IRS Clarifies Effective Date of New IRA Rollover Timing Restriction

As we discussed in a post earlier this year, the United States Tax Court issued a decision in early 2014 which will significantly restrict the ability of IRA owners to take a distribution from an IRA with the intention of escaping tax by rolling it over to another IRA within 60 days.  Code Section 408(d)(3)(B) states that the rollover exclusion does not apply to a second IRA distribution if, at any time during the 1-year period ending on the date of the second distribution, the individual received a previous IRA distribution and rolled it over into an IRA.  For many years, the IRA industry believed that the “once a year” limitation applied on an IRA-by-IRA basis, and not globally to all IRAs owned by a single individual.

The Tax Court case, Bobrow v. Commissioner, held that the plain language of the statute requires that the limitation apply on an aggregate basis.  Subsequently, the IRS indicated in Announcement 2014-15 that it will follow the Bobrow decision and will apply the limitation on an aggregate basis.  However, and helpfully, the announcement also stated that it would not apply the aggregate limitation to distributions occurring before January 1, 2015.
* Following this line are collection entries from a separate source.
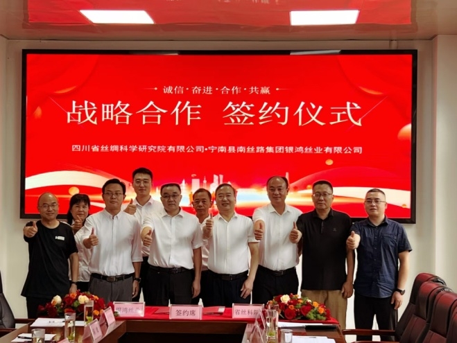 南絲路集團(tuán)銀鴻絲業(yè)有限公司是國(guó)際國(guó)內(nèi)最大6A級(jí)優(yōu)質(zhì)生絲生產(chǎn)基地,擁有35組自動(dòng)繅絲機(jī)、年產(chǎn)1200噸高等級(jí)生絲生產(chǎn)規(guī)模,是我國(guó)高等級(jí)生絲生產(chǎn)的標(biāo)桿企業(yè)。2024年6月南絲路集團(tuán)銀鴻絲業(yè)有限公司與四川省絲綢科學(xué)研究院開展技術(shù)合作,以院企合作的方式進(jìn)行科技攻關(guān)、創(chuàng)新研究、成果轉(zhuǎn)化等技術(shù)服務(wù)工作。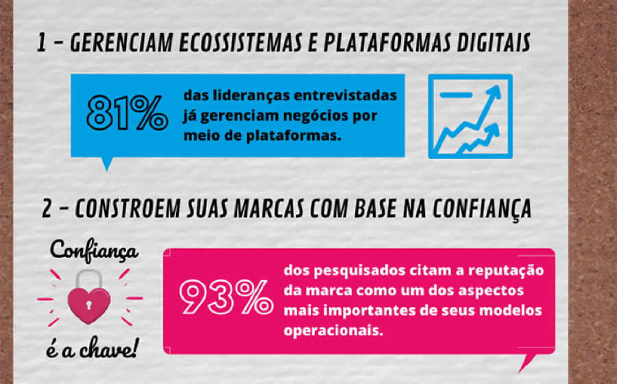 1) Orquestrar ecossistemas e plataformas digitais: Os líderes relatam que as plataformas digitais estão em ascensão, com a possibilidade de crescimento da receita e lucratividade para as empresas. 81% já são orquestradores de plataformas de negócios. Quando questionados sobre quais modelos comerciais e operacionais suas organizações estão adotando ou considerando para o futuro, a maioria dos entrevistados declarou sua intenção de atuar como integradores de recursos em uma cadeia de valor. A maioria das empresas concorda com a importância das plataformas de negócios para o futuro de suas organizações.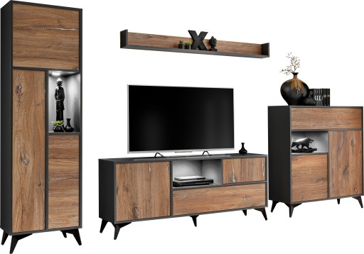 Prosty kształt, stylowy design, antracytowe akcenty oraz ledowe podświetlenie - oto Venice SET w pigułce. Nie bez powodu jest on gwiazdą modnych salonów. Pełni jednak nie tylko funkcję dekoracyjną, ale także praktyczną. Pozwala ujarzmić panujący w pomieszczeniu bałagan. Dzięki temu Twoja multimedialna przystań będzie nie tylko pięknie zaaranżowana, ale i uporządkowana. Ponadto matowe wykończenie sprawi, że wszelkie zabrudzenia jak kurz nie będą widoczne.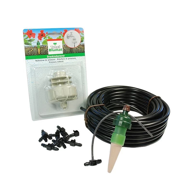 BLUMAT Tonkegelbewässerungsset für 10 m einsetzbar auf Balkonen, Terrassen, für Kübelpflanzen und im Gewächshaus, bestehend aus: , 40 Tropfern, 15 m Zufuhrschlauch, 1 Druckreduzierer und Schlauchverbindern (je 2 Winkel, Verbinder, Endstück, T-Stück, Schlauchabzweige) , Wasserausbringung über fe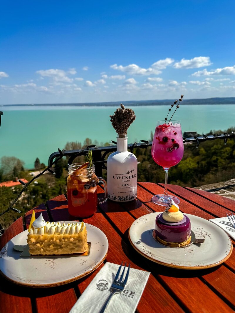 A kínálatban megtalálhatók levendulás specialitások, ikonikus sütemények, mentes desszertek, villás reggelik, ropogós pizzák, változatos fogások és saját pörkölésű Apátsági kávé. A látványműhelyben készülő édességek mellett gasztro ajándékok is vásárolhatók. A cukrászda terasza Balatonra nyíló kilátásával felejthetetlen élményt nyújt a betérőknek.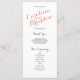 Típica de cinza de coral rosa e carvões lindos em um fundo branco faz esses elegantes programas modernos de casamento se destacarem. Design por Elke Clarke © Personalize com sua cor de fundo e todas as suas informações pessoais para um programa de casamento de luxo que seus contínuos podem distribuir enquanto seus convidados entram na igreja ou estão sentados onde a cerimônia acontecerá. Ajuda as pessoas a seguirem-se durante a cerimônia, mas também atua como guardiã dos seus hóspedes. Você pode usar os campos modelo para preencher as informações sugeridas sobre a festa de casamento e a ordem do serviço e o obrigado que você envia ou selecionar "personalizar" e usar o menu editar para alterar o espaçamento de texto, as fontes, as cores conforme desejar criar seus próprios programas de casamento.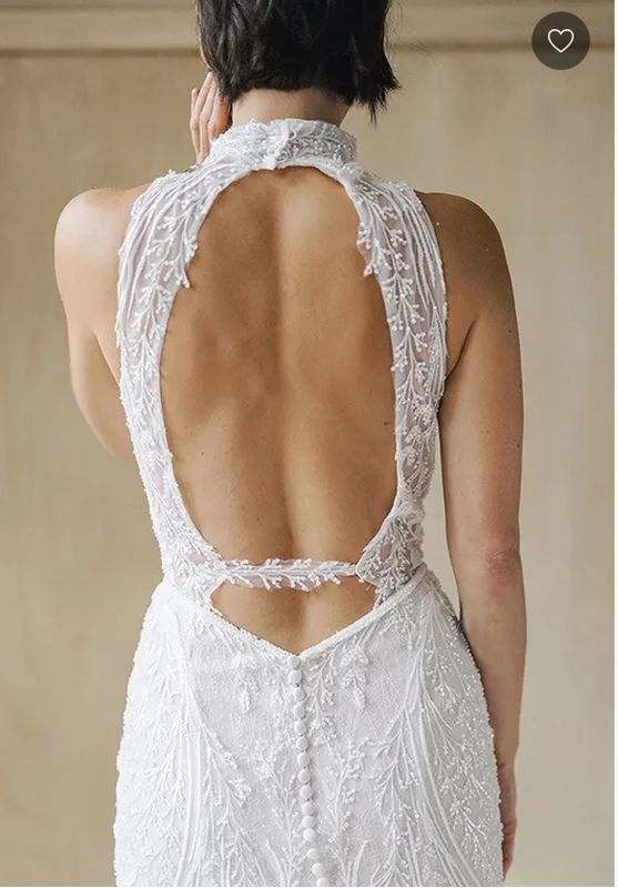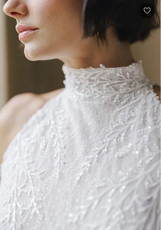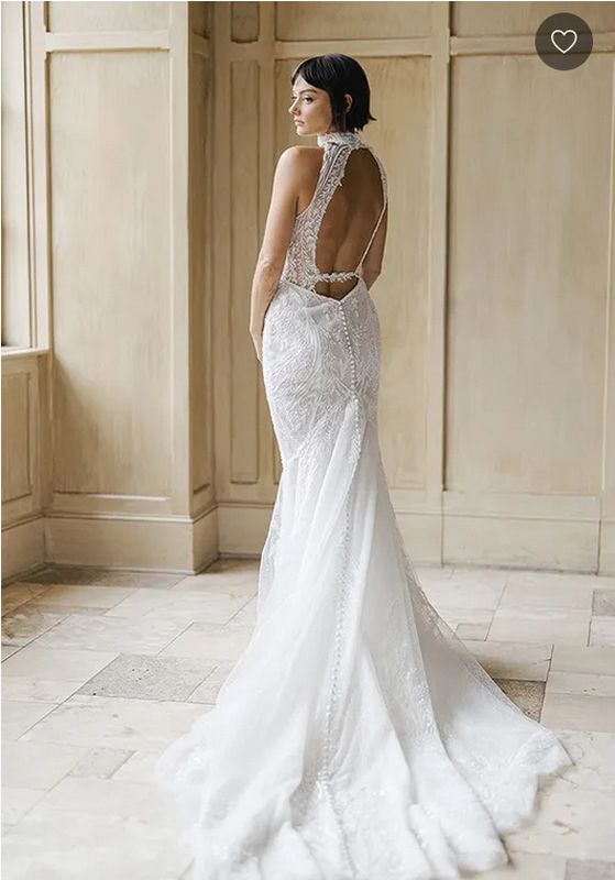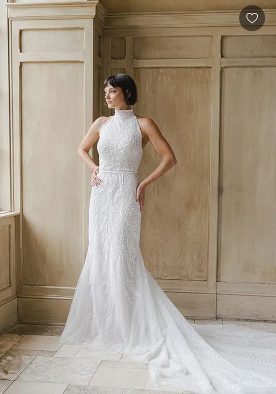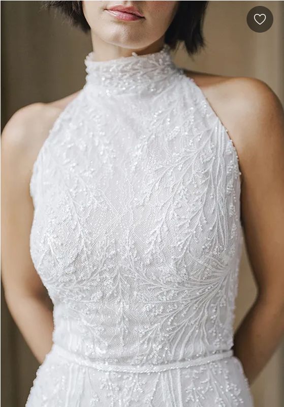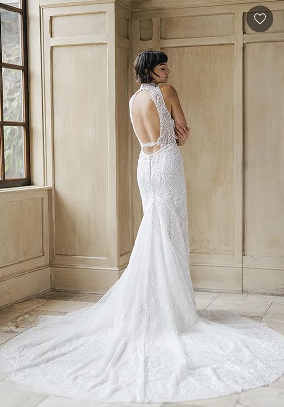 Capture every eye in this sleek and sultry column wedding dress. Style LE1314 features a high sleeveless neckline, elongating the figure and complementing the daring low back detail. The sheer graphic floral lace bodice is flawlessly tailored, with the front fully lined, as the column sheath silhouette glides over the figure, flattering every curve. A sexy wedding gown that could walk the runway, this fashion-forward dress resolves into a lace-embellished train for a romantic finishing touch.

The IRS recently issued Announcement 2014-32 which contains a helpful transition rule.  Essentially, the Notice indicates that a distribution that occurs during 2014 can be ignored when determining whether a 2015 distribution can be rolled over, as long as the 2015 distribution is from an IRA other than one that either made or received the 2014 distribution.  In other words, the aggregation rule applies to distributions from different IRAs only if each of the distributions occurs in 2015 or later.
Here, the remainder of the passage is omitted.